Post » Pon sie 12, 2013 10:32 Re: Mirmiłki VI - powrót na Lawendowe Pola.

Ser-niczku, po starej znajomości proszę o odsprzedanie za niewygórowaną kwotę praw do cytowania Twego postu w każdej kolejnej dyskusji o tym co jest a co nie jest sztuką :ok:
***** ***
LUBMY SIĘ

Hańka

 
Posty: 42151
Od: Sob lut 09, 2008 0:22
Lokalizacja: Sopot

Post » Pon sie 12, 2013 10:35 Re: Mirmiłki VI - powrót na Lawendowe Pola.

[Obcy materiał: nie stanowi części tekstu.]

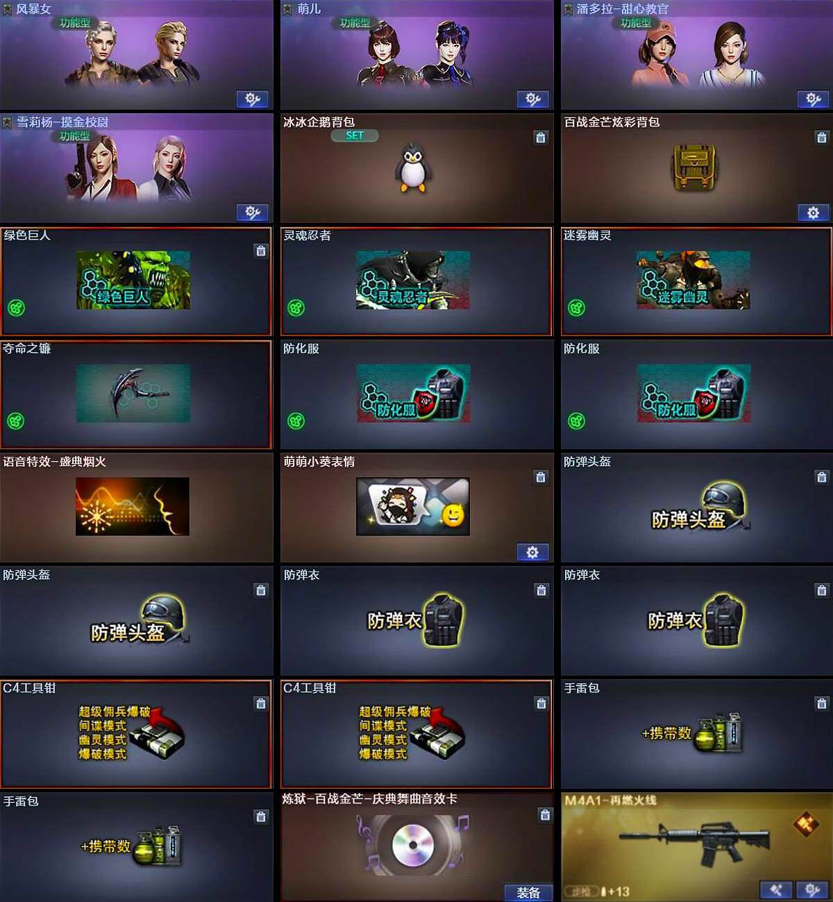【道具】:冰冰企鹅背包,百战金芒炫彩背包,绿色巨人,灵魂忍者,迷雾幽灵,夺命之镰,防化服*2,语音特效-盛典烟火,萌萌小葵表情,防弹头盔*2,防弹衣*2,C4工具钳*2

Hańka pisze:Ser-niczku, po starej znajomości proszę o odsprzedanie za niewygórowaną kwotę praw do cytowania Twego postu w każdej kolejnej dyskusji o tym co jest a co nie jest sztuką :ok:

zegar...to moja cena. Negocjacji nie przewiduję :kotek:

Ser-niczek

 
Posty: 881
Od: Sob kwi 27, 2013 14:35
Lokalizacja: Chotomów

Post » Pon sie 12, 2013 10:44 Re: Mirmiłki VI - powrót na Lawendowe Pola.

Ser-niczek pisze:
Hańka pisze:Ser-niczku, po starej znajomości proszę o odsprzedanie za niewygórowaną kwotę praw do cytowania Twego postu w każdej kolejnej dyskusji o tym co jest a co nie jest sztuką :ok:

zegar...to moja cena. Negocjacji nie przewiduję :kotek:



:ryk: :ryk:

Ser-niczku, też mi się Twój post podoba..

Ale czasem potrzebuję wyjaśnień..
Roman Opałka.. sztuka? podobno tak..
do tego najdrożej sprzedany obraz za życia artysty, to właśnie jego..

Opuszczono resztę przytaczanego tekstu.